I've been reading a lot of stuff about people using cement or concrete to make different decorations in their aquariums, and I've come up with a question about it-
pH. Every DIY instruction set says that after curing, the pH will return to normal. However, all of the aquariums that I've seen that contain cement are either cichlid tanks, or saltwater. Cichlid tanks normally start out with higher pH, and saltwaters often have higher pH as well, because of the minerals & such in the water, correct?

So, what happens if you use cement in a normal freshwater aquarium, with a normal, or low pH? After curing, does the pH drop to "normal", or is it perpetually raised, due to lime leeching out of the cement into the water?

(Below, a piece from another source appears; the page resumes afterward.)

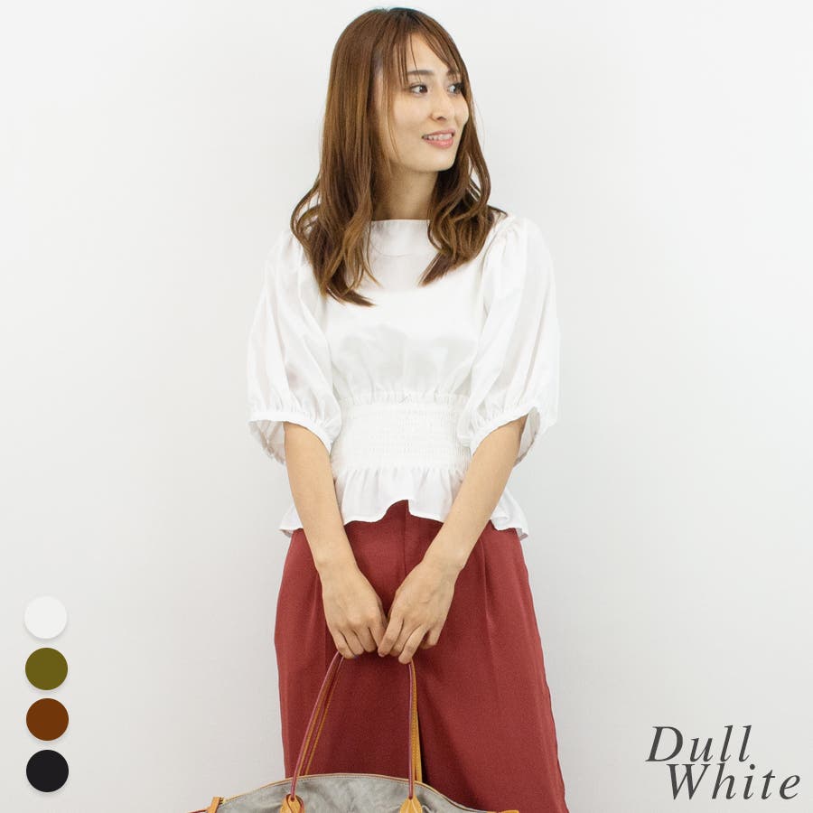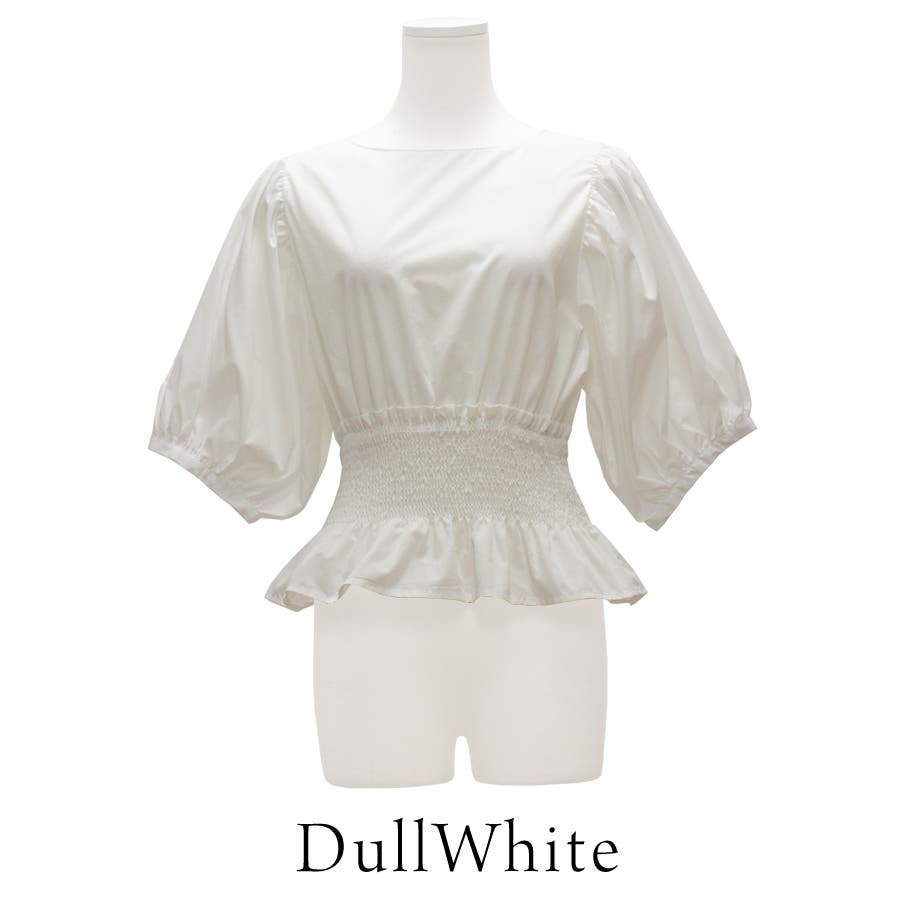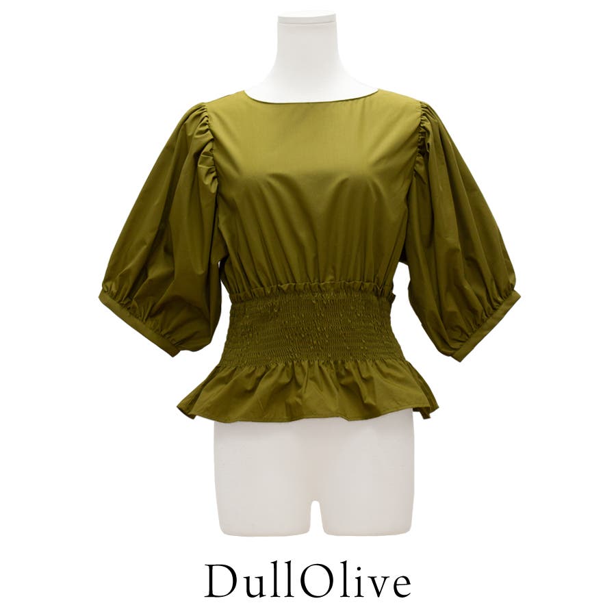 高めのウエストに入ったシャーリングでスタイルアップなペプラムブラウス。

Common sense says that eventually, it would cure, and be fine. After all, lots of fisheries use cement enclosures, and the big aquariums (like, Pittsburgh PPG Aquarium, and L'Aquarium in Barcelona) use cement in their enclosures. Tons of man-made reservoirs & lakes use cement to line them, and make dams. But, do they maybe use something special? I've seen some things that say you should use special stuff, and other things that say you don't need to use special stuff, that regular portland cement works.


----------



## confuted

Part of it will be a function of surface area of cement vs volume of water. If you have a ton of water, a little bit of cement isn't going to affect it much (especially once it's cured), but if you have the opposite, and have a ton of cement and only a little water, you might see problems. Keep in mind that cement takes a very long time to cure. Technically, it takes several hundred years, but several months to a year would probably be enough time for it to be cured enough. Cement will continue to cure even under water.


----------



## LS6 Tommy

IIRC, cement leaches Lye = dead tank occupants. I have benn wrong before and no doubt will be again.

Tommy


----------



## essabee

rnocera said:


> SNIP
> Common sense says that eventually, it would cure, and be fine. After all, lots of fisheries use cement enclosures, and the big aquariums (like, Pittsburgh PPG Aquarium, and L'Aquarium in Barcelona) use cement in their enclosures. Tons of man-made reservoirs & lakes use cement to line them, and make dams. But, do they maybe use something special? I've seen some things that say you should use special stuff, and other things that say you don't need to use special stuff, that regular portland cement works.


I don't know about others, but I do use several types of cement, depending upon what I am building and where.:icon_roll 

Then even when you are building anything for a small softwater aquarium, you can still use normal portland cement, provided you give a reasonable time to cure (about a couple of weeks), then dry it and cover it completely with a coat of aquarium safe silicone. 

You could even stick coloured gravel or sand (aquarium safe ofcourse) to the silicone for texure or colour effects, and you then need not worry:fish1: .


----------



## Aquamanx

You could use a "water potable coating" like Sika Topseal 107. It's been used for years... If you are looking into it to build a background for a tank take a look at this background!.
Hope this helps!
Steve X.


----------



## trackhazard

The reef guys use cement to make their own base rock. Don't see why their curing methods wouldn't work for a FW tank unless there is something inherent to saltwater that makes this method safer.

Reef Central Online Community - The Ultimate DIY Rocks!

-Charlie


----------



## vraghu

I have 2 Nos of 6 x 2 x 2 Ft Cement Tanks , which i made for experimentation purpose, i never had any issue with it so far, it located outside my house with plenty of sunlight,, no issues, plants and Fish thrive in it ..

After building the Tank i left it full of water for 1 to 1 1/2 months to cure and leaching , i used to change 50% water at these times , after that , no issues so far...

rags


----------



## mistergreen

what about cement ponds?
any issues there?


----------